The system Selfridge described—with its bottom-up learning, and its evaluating feedback loops—belongs in the history books as the first practical description of an emergent software program. The world now swarms with millions of his demons.
*
Among the students at MIT in the late forties was a transplanted midwesterner named John Holland. Holland was also a pupil of Norbert Wiener’s, and he spent a great deal of his undergraduate years stealing time on the early computer prototypes being built in Cambridge at that time. His unusual expertise at computer programming led IBM to hire him in the fifties to help develop their first commercial calculator, the 701. As a student of Wiener’s, he was naturally inclined to experiment with ways to make the sluggish 701 machine learn in a more organic, bottom-up fashion—not unlike Selfridge’s Pandemonium—and Holland and a group of like-minded colleagues actually programmed a crude simulation of neurons interacting. But IBM was in the business of selling adding machines then, and so Holland’s work went largely ignored and underfunded. After a few years Holland returned to academia to get his doctorate at the University of Michigan, where the Logic of Computers Group had just been formed.
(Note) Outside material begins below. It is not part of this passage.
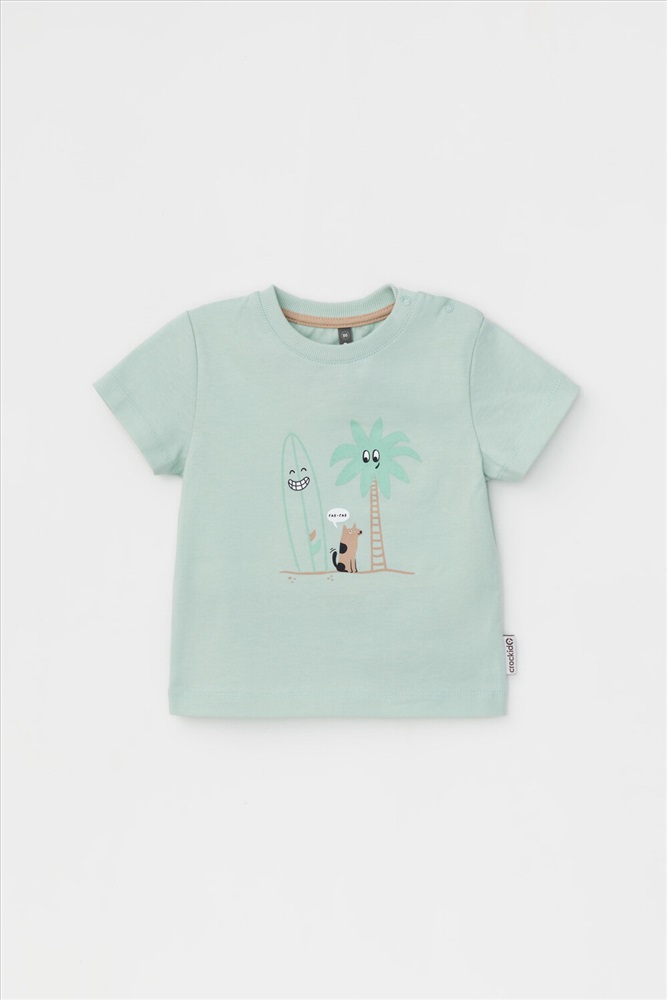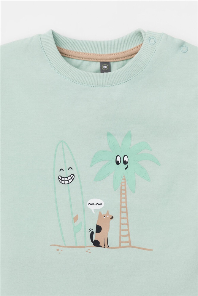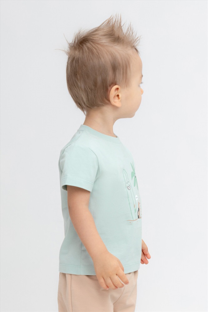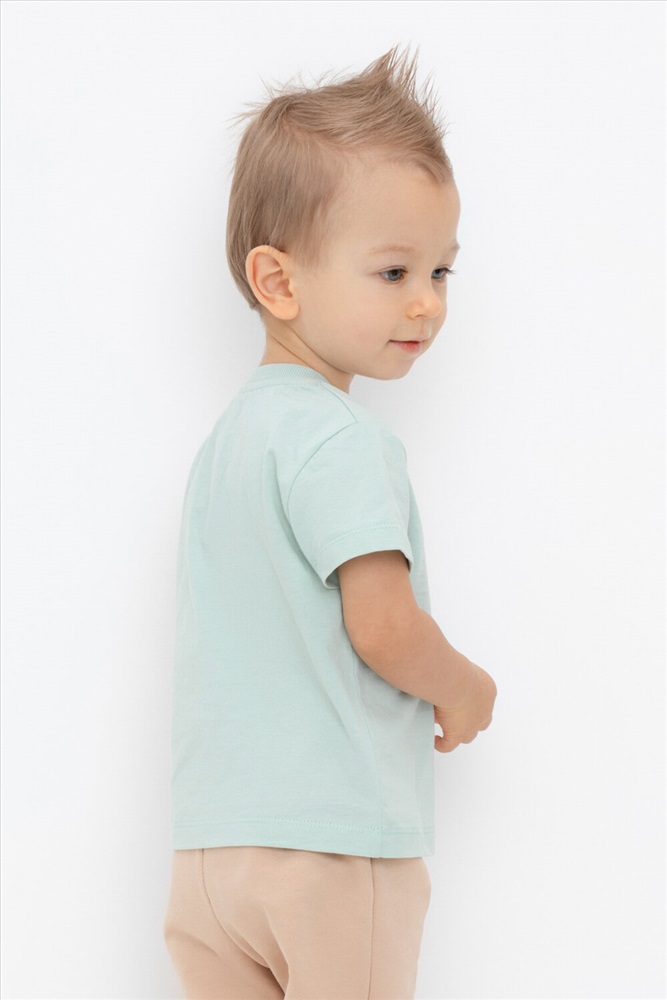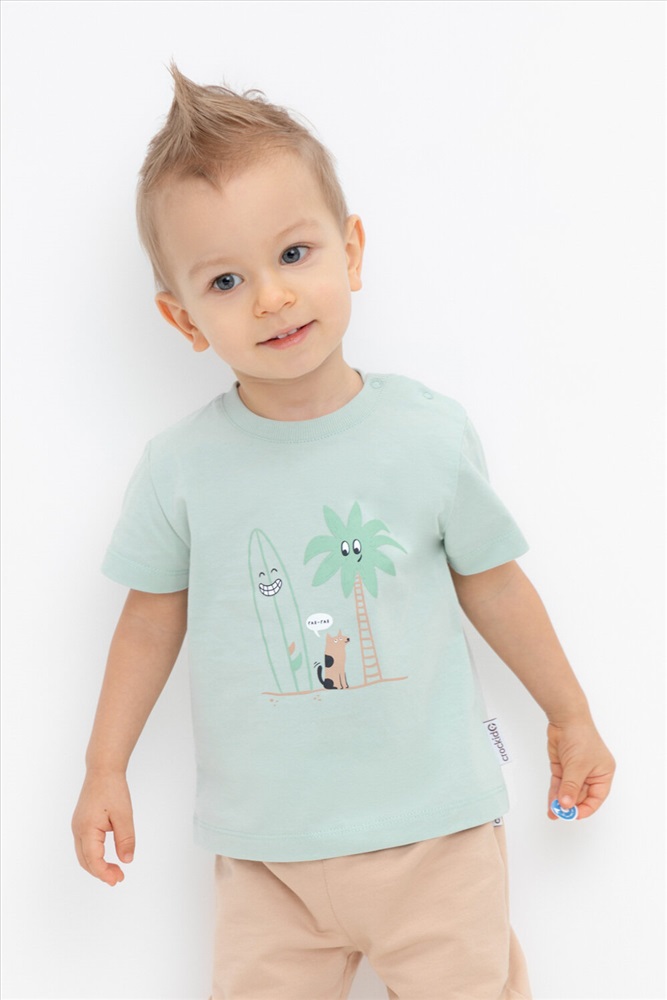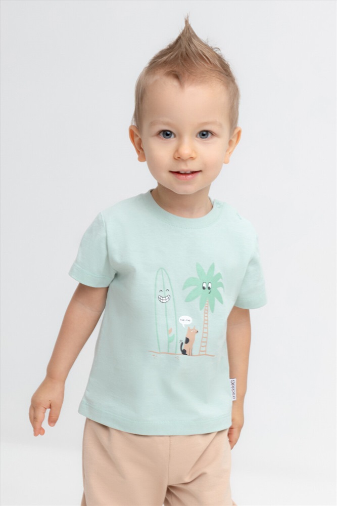 Футболка для мальчика с принтом из высококачественного трикотажного полотна. Оригинальный принт выполнен из стойких текстильных красителей. Для удобства на плече застежка на кнопки.

In the sixties, after graduating as the first computer science Ph.D. in the country, Holland began a line of inquiry that would dominate his work for the rest of his life. Like Turing, Holland wanted to explore the way simple rules could lead to complex behavior; like Selfridge, he wanted to create software that would be capable of open-ended learning. Holland’s great breakthrough was to harness the forces of another bottom-up, open-ended system: natural selection. Building on Selfridge’s Pandemonium model, Holland took the logic of Darwinian evolution and built it into code. He called his new creation the genetic algorithm.
A traditional software program is a series of instructions that tells the computer what to do: paint the screen with red pixels, multiply a set of numbers, delete a file. Usually those instructions are encoded as a series of branching paths: do this first, and if you get result A, do one thing; if you get result B, do another thing. The art of programming lay in figuring out how to construct the most efficient sequence of instructions, the sequence that would get the most done with the shortest amount of code—and with the least likelihood of a crash. Normally that was done using the raw intellectual firepower of the programmer’s mind. You thought about the problem, sketched out the best solution, fed it into the computer, evaluated its success, and then tinkered with it to make it better. But Holland imagined another approach: set up a gene pool of possible software and let successful programs evolve out of the soup.
Holland’s system revolved around a series of neat parallels between computer programs and earth’s life-forms. Each depends on a master code for its existence: the zeros and ones of computer programming, and the coiled strands of DNA lurking in all of our cells (usually called the genotype). Those two kinds of codes dictate some kind of higher-level form or behavior (the phenotype): growing red hair or multiplying two numbers together. With DNA-based organisms, natural selection works by creating a massive pool of genetic variation, then evaluating the success rate of the assorted behaviors unleashed by all those genes. Successful variations get passed down to the next generation, while unsuccessful ones disappear. Sexual reproduction ensures that the innovative combinations of genes find each other. Occasionally, random mutations appear in the gene pool, introducing complete new avenues for the system to explore. Run through enough cycles, and you have a recipe for engineering masterworks like the human eye—without a bona fide engineer in sight.
The genetic algorithm was an attempt to capture that process in silicon. Software already has a genotype and a phenotype, Holland recognized; there’s the code itself, and then there’s what the code actually does. What if you created a gene pool of different code combinations, then evaluated the success rate of the phenotypes, eliminating the least successful strands? Natural selection relies on a brilliantly simple, but somewhat tautological, criterion for evaluating success: your genes get to pass on to the next generation if you survive long enough to produce a next generation. Holland decided to make that evaluation step more precise: his programs would be admitted to the next generation if they did a better job of accomplishing a specific task—doing simple math, say, or recognizing patterns in visual images. The programmer could decide what the task was; he or she just couldn’t directly instruct the software how to accomplish it. He or she would set up the parameters that defined genetic fitness, then let the software evolve on its own.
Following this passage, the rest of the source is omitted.